15. La tassazione dei redditi di natura finanziaria

Come è noto, il d.lgs. n. 461/1997, in attuazione della legge delega n. 662/1996, ha ridisegnato il sistema di tassazione dei redditi di natura finanziaria, nozione che ha valore descrittivo e non definitorio e che comprende i redditi di capitale e talune fattispecie contenute nei redditi c.d. “diversi”.

Il d.lgs. 461/1997 ha invero mantenuto la dicotomia propria del TUIR, nella tassazione dei redditi di natura finanziaria, tra redditi di capitale, riconducibili alla nozione di reddito prodotto, e redditi diversi, riconducibili alla nozione di reddito entrata.

Tuttavia, essa ha inciso sull’estensione della stessa nozione di reddito di capitale, delineando all’art. 44, lett. h), TUIR una norma residuale di notevole rilievo sistematico.

Tale ultima disposizione, infatti, esce dal precedente schema normativo (anteriore al d.lgs. n. 461/1997) dei proventi «in misura definita derivanti dall’impiego di capitali»

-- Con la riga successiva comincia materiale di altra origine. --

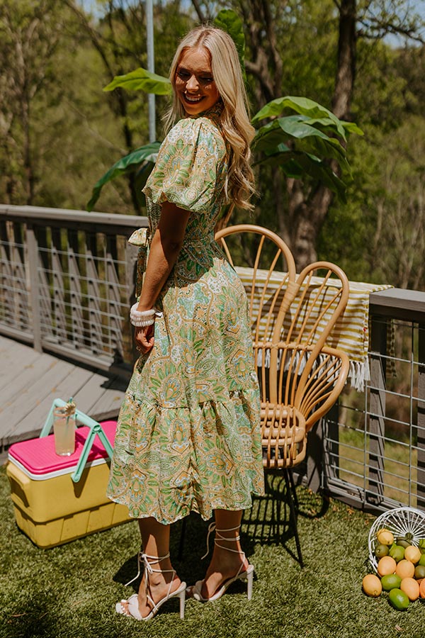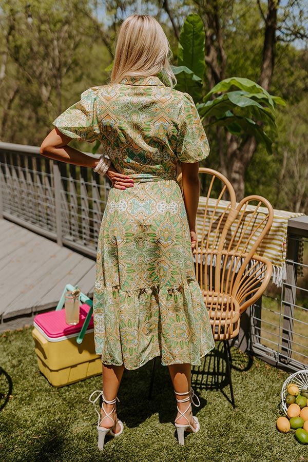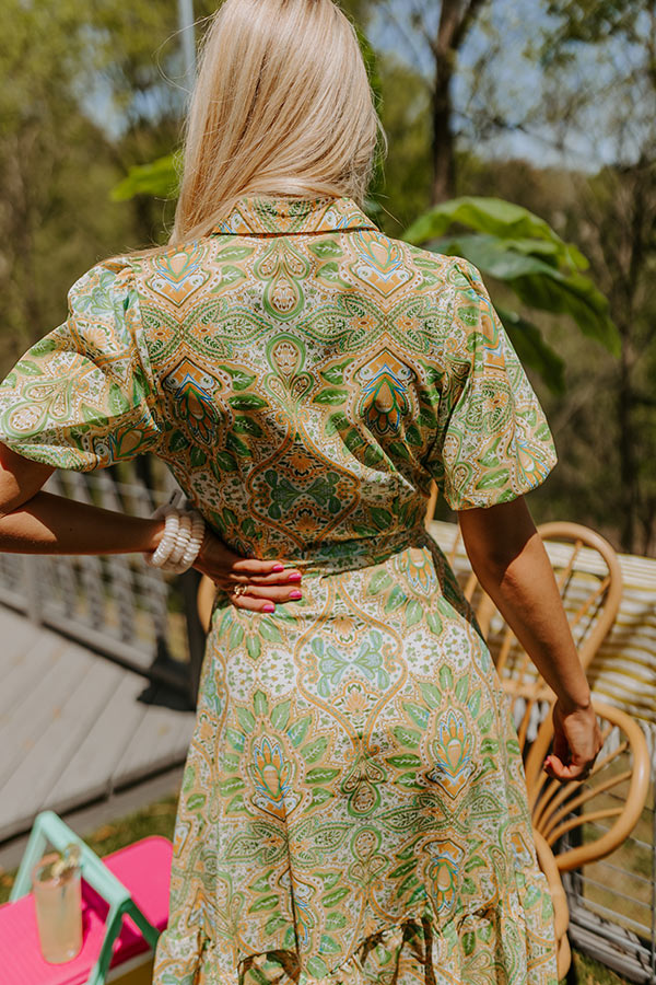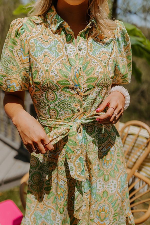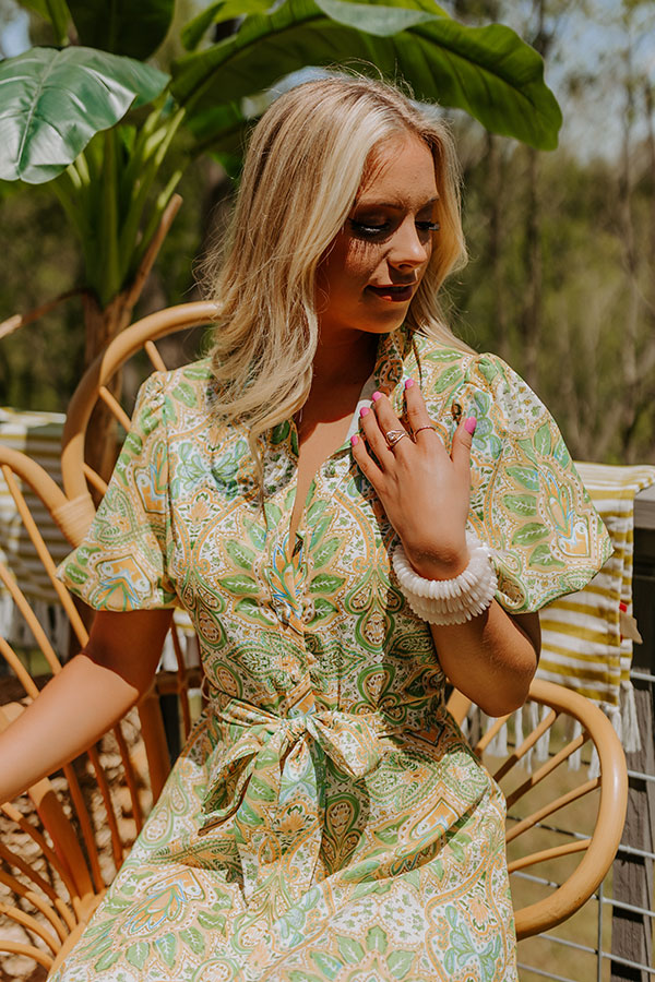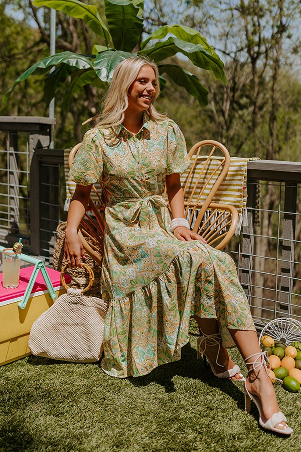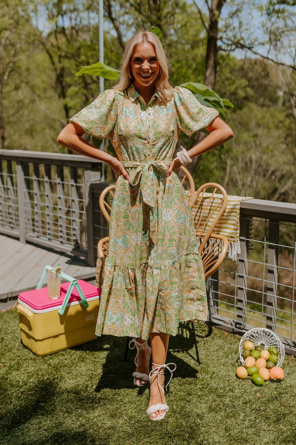 You will be a total trend maker this summer when you wear this gorgeous midi dress featuring lightweight material patterned with a beautifully intricate blue, green, and peach hued floral print, a button down front with a collared neckline, short puff sleeves, a ribbon belt waistline, and a relaxed but flattering silhouette that falls into a straight mid-calf length peplum hemline! on products

per rivolgersi a qualsiasi rapporto avente per oggetto l’impiego di capitale. Tale disposizione si chiude con l’inciso «esclusi i rapporti attraverso cui possono essere rea-lizzati differenziali positivi e negativi in dipendenza di un evento incerto»,

(127) Sul punto, Allegato 2 – Proposte fiscali di semplificazione e razionalizzazione normativa e per la ripartenza e lo sviluppo, Audizione CNDCEC (2021), p. 7.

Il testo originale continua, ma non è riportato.